The best she can come up with, after several moments of thinking, is a very, _very_ rough translation: Welcome, Fen’Harel something, you must stop here and speak the passcode to me.

What she’d said in reply—what the Well had given to her—is equally vexing. She knows _dirthavaren_ , “the promise,” and _revas vir-anaris_ , which is the passcode to the eluvians. Revas is “freedom” and vir is “way”; Anaris had been the name of a Forgotten One, so _revas vir-anaris_ could, hypothetically, be “freedom in the way of Anaris.”

But then there’s _belanaris_ , which meant “forever,” and _bel_ could also be a negative, so _belanaris_ could be translated as “not ending”, which would make _anaris_ “ending,” making _revas vir anaris_ “freedom in the way of ending,” which itself is difficult to understand. She’s looking at the puzzle, but she doesn’t have enough of the pieces. The picture isn’t coming together.

“This language makes no gods-damned sense,” she tells the Well.

When the Well doesn’t reply, she mutters a curse and stands back up, rounding the second corner.
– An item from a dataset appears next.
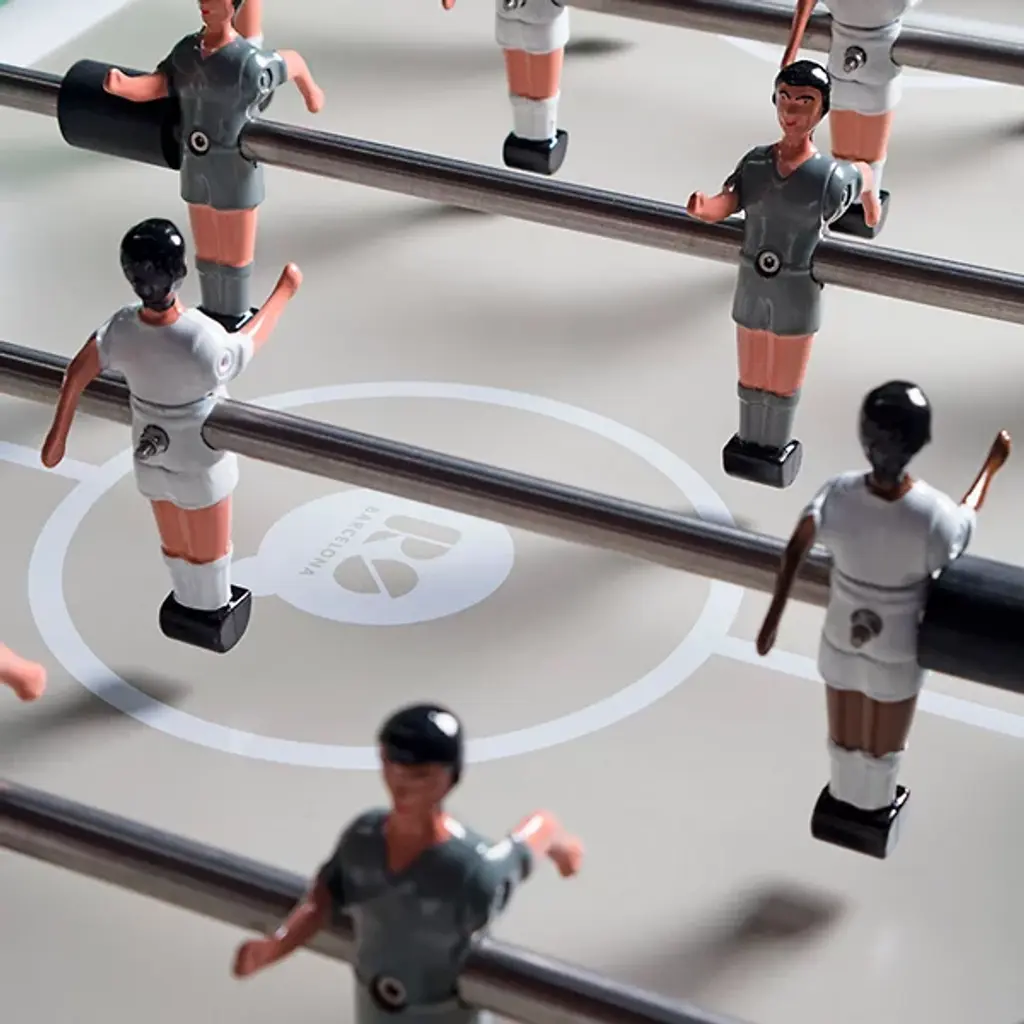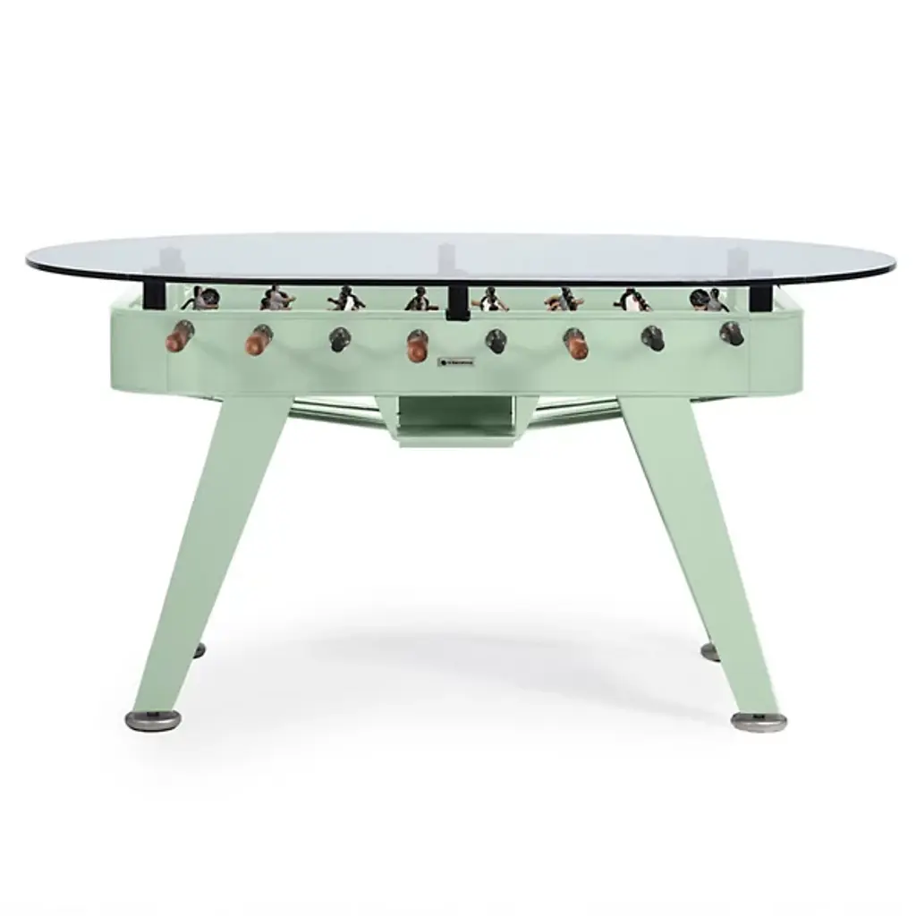 Settle it over a ball game. The RS2 Indoor Oval Dining Foosball Table from RS Barcelona is an ingenious piece, bringing a sophisticated yet lighthearted character to your room. The table reimagines the familiar football table with elegant modern lines. Made from iron, the table's structure looks and feels enduring. Natural beech handles lining the table spin your charming characters inside with precision and elegance. The painted field accentuates the vibrant colors and details of the characters. Once the score has been settled or a time out is called, share some refreshments over the table's glass tabletop. The durable tempered glass surface visually adds an elegant reflective touch.

This one leads to a downwards-going staircase, which ends on a platform with a broken eluvian, so she climbs over a different pile of rubble. On her right are two murals, in the same art style as the paintings she’d seen in the Emerald Graves and even in Skyhold itself. Most of the murals are concealed by vines, but what she can make out is remarkably well-preserved.
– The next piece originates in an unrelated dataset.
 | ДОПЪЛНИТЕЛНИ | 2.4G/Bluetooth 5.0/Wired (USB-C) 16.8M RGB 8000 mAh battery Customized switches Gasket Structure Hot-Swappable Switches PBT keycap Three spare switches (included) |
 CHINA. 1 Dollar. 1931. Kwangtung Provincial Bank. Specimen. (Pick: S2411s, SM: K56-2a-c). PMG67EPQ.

One is of a green-black dragon with bright red wings; another is of spindly white elven soldiers riding on horned mounts—not halla, she notes with interest. She knows the Emerald Knights had ridden halla, but she’d always assumed that had come from the ancients as well. Were these stylized halla, then, or simply completely different beasts now extinct?

She pulls Solas’s knapsack over her shoulder, rifling through until she finds her journal. Flipping past pages, she finds a good amount of space and, taking the fancy metal “pen” with automatic ink she’d stolen from Varric, writes very carefully: _Bring scholars (_ _elf_ _!!) to murals—anceint elves?_

She waits for the ink to dry before returning her journal back into the backpack. Standing, she rounds another corner, and comes face-to-face with a golden mosaic that stretches across the entire wall. The rest of the tower had only had murals, chipped and faded from the sun, or half-covered by vines.

This is different.

There are no trace of vines, or old paint, or decay. The mosaic pieces are all green, with accents of gold and silver. Ariala backs up to the tower edge railing, studying the piece. The wolf at the top center stares down at her, and underneath it is an elf wearing a mask fashioned from a wolf’s head. The elf is surrounded by other barefaced elves, looking up at him in supplication.

Fen’Harel.

She tries to remember what Solas had talked about, a year ago when they had been walking through the abandoned sanctuary, but her memory doesn’t serve her well. All she can recall is something about a rebellion.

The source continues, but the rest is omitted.